Below are the subjects in Scorpio that I wish to view:-

The Main Stars:

Alpha Scorpii (SCO) - Antares. A red super-giant, and a famed double star for observers. I have previously split this double only with a SCT, or with a green filter or when the Moon has occutled Antares.
https://en.wikipedia.org/wiki/Antares

Beta Sco - Acrab. A fine binary and an extraordinary multiple-star system.
https://en.wikipedia.org/wiki/Beta_Scorpii

G Sco - Fuyue. There is no Gamma Sco, as this star was once Gamma Telescopium and has been redesignated to Scorpio.

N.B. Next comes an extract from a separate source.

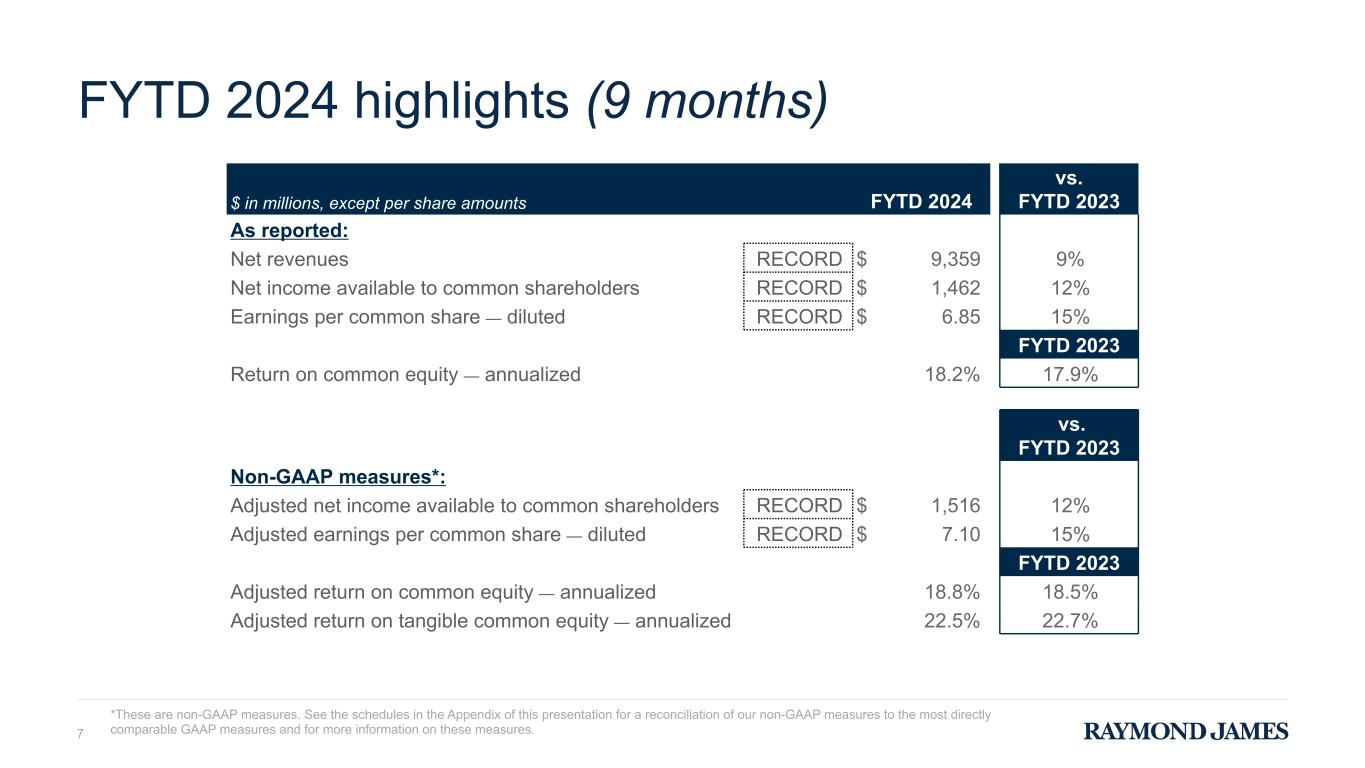 For the first nine months of the fiscal year, record net revenues of $9.36 billion increased 9%, record earnings per diluted share of $6.85 increased 15%, and record adjusted earnings per diluted share of $7.10(2) increased 15% over the first nine months of fiscal 2023. The Private Client Group and Asset Management segments generated record net revenues and pre-tax income during the first nine months of the fiscal year. For this period, annualized return on common equity was 18.2% and annualized adjusted return on tangible common equity was 22.5%(2).

I can not quite follow the narrative as to why it is only called G, and not Gamma.
https://en.wikipedia.org/wiki/G_Scorpii

Delta Sco - Dschubba. This star has varied in brightness over the years.
https://en.wikipedia.org/wiki/Delta_Scorpii
http://www.skyandtelescope.com/astro...ter-than-ever/

Epsilon Sco - Larawag. An orange giant.
https://en.wikipedia.org/wiki/Epsilon_Scorpii



Objects of interest.

Xi Sco - Triple star. Normally seen a Mag 4 & 7 stars with a separation of 7.6 arc seconds. However, the brighter star is a binary with roughly equally bright components. They have a period of 46 years and are now approaching the widest part of their orbit. (Burnham's Handbook has a good diagram of the orbit).
http://stars.astro.illinois.edu/sow/xisco.html

NGC 6153 Planetary Nebula
https://www.spacetelescope.org/images/potw1525a/

NGC 6139 Globular.
http://www.sci-news.com/astronomy/hu...139-06131.html

NGC 6388 Globular
https://www.spacetelescope.org/images/heic1221a/

U Sco - Recurrent Nova; due to recur again anytime between now and another 4 years.
https://en.wikipedia.org/wiki/Scorpius


Messier objects in Scorpio. M4, M6,M7 & M80
Caldwell Objects in Scorpio. 69, 75 & 76.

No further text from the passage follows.